Hong Kong Moves to Slow Property Market
August 17, 2010 - Hong Kong
Mortgage lending rules in Hong Kong are to change and more land made available in a bid to cool rocketing real estate prices.
As part of the measures it is expected that deposits for apartments costing HK$12 million or more will increase by 10% to 40% and the government will increase land sales next year, said Hong Kong Monetary Authority chief executive Normand Chan.
For properties worth HK$12 million or less, the maximum loan amount will be capped at HK$7.2 million, meaning down payments will increase for any property valued above HK$10.3 million.
Luxury homes in the city are defined as those costing at least HK$10 million, or bigger than 1,000 square feet.
Down payments for investment properties will also rise to 40% and Hong Kong banks will be asked to apply stress tests on mortgage rates rising 2%, Chan added.
Mortgage borrowers' debt-to-income ratio should not be higher than 60% when the interest rate increases by 200 basis points, Chan also announced.

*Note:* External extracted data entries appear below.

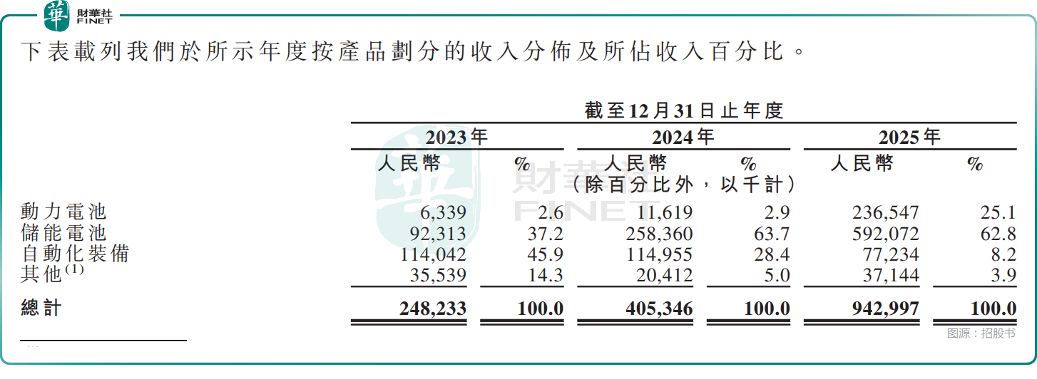 清陶能源的收入主要来源于动力及储能系统两大领域,亦有一部分收入来自销售用于电池生产及其他制造领域的自动化装备。数据显示,2023年至2025年,公司的动力电池业务收入从633.9万元增至2.37亿元,占总收入的比重也从2.6%提升至25.1%,储能电池的收入也大幅增长至5.92亿元,占总收入比重为62.8%,是增长核心支柱。
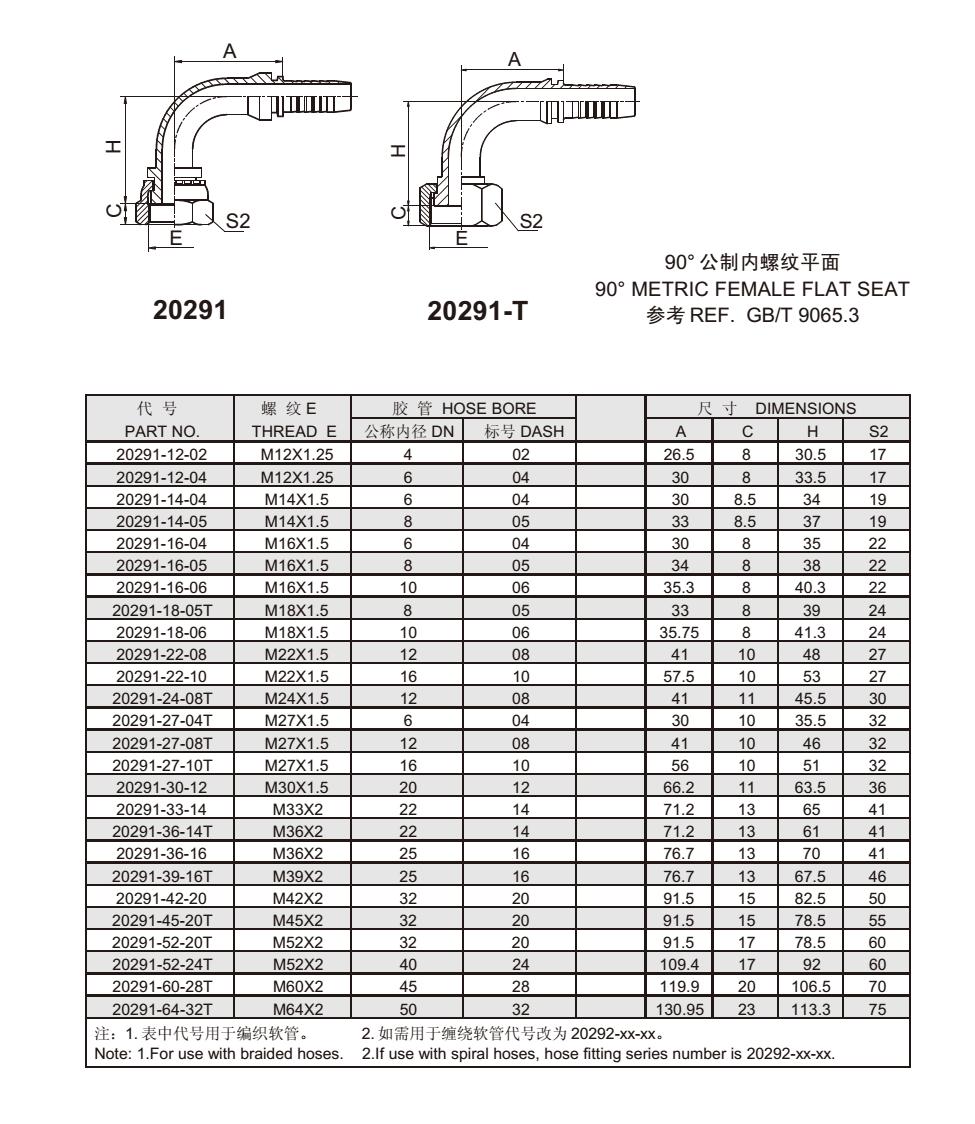 20291 90°公制內(nèi)螺紋平面 扣壓式軟管接頭
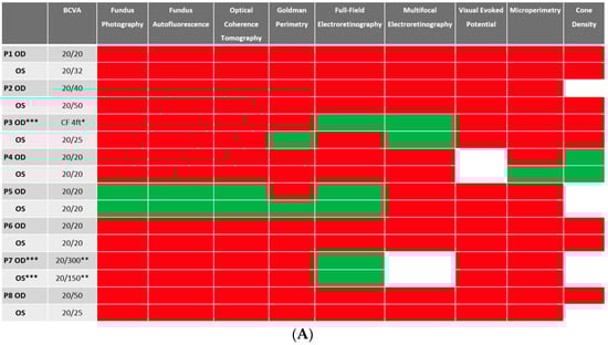 Despite BCVA of 20/40 or better in the majority (11 out of 16 eyes) of eyes at baseline, abnormalities were identified in all studied eyes using different imaging modalities. Serial images were obtained at follow-ups, and changes were identified and recorded. A stoplight chart depicting the baseline findings and subsequent improvement, worsening, or stagnation on follow-up are shown in Figure 1A,B, and it reveals how the use of multimodal imaging can detect abnormal findings despite relatively normal best-corrected visual acuity (BCVA) at presentation.

The moves are due to an alarming 40% increase in real estate prices since the beginning of 2009 as demand for property has also soared due to low interest rates and the buying power of mainland Chinese.
There is a lot of concern that prices are approaching the level of 1997, the height of a previous bubble that was followed by a six year real estate slump.
‘This is a serious attempt by the government to slow the growth in property prices. Maybe a lot of people still have HK$4.8 million for a down payment on a HK$12 million flat, but luxury is a leading sector and this is sending a message that this is serious,' said Nicole Wong, regional head of property research at CLSA Asia Pacific Markets in Hong Kong.
Leading analysts have warned the prices are set to rise by a further 10 to 15% by the end of the year.
‘We want to remind all potential homebuyers that the interest rate right now is at a very abnormal level and it is impossible for this to be sustained,' Chan said.
Since the early 1990s, Hong Kong banks have been restricted from lending more than 70% of the purchase price of a home, to reduce the risk of loan losses from a market crash.
To help the market recover from the 1998 crash, buyers were subsequently allowed to borrow a further 15% of their home's value as long as they obtained mortgage insurance, a move that increased affordability while limiting risk for banks.
The government will offer sites for auction next year in the Chai Wan, Hung Hom and Fanling districts, and will work with MTR and the Urban Renewal Authority to increase land supply.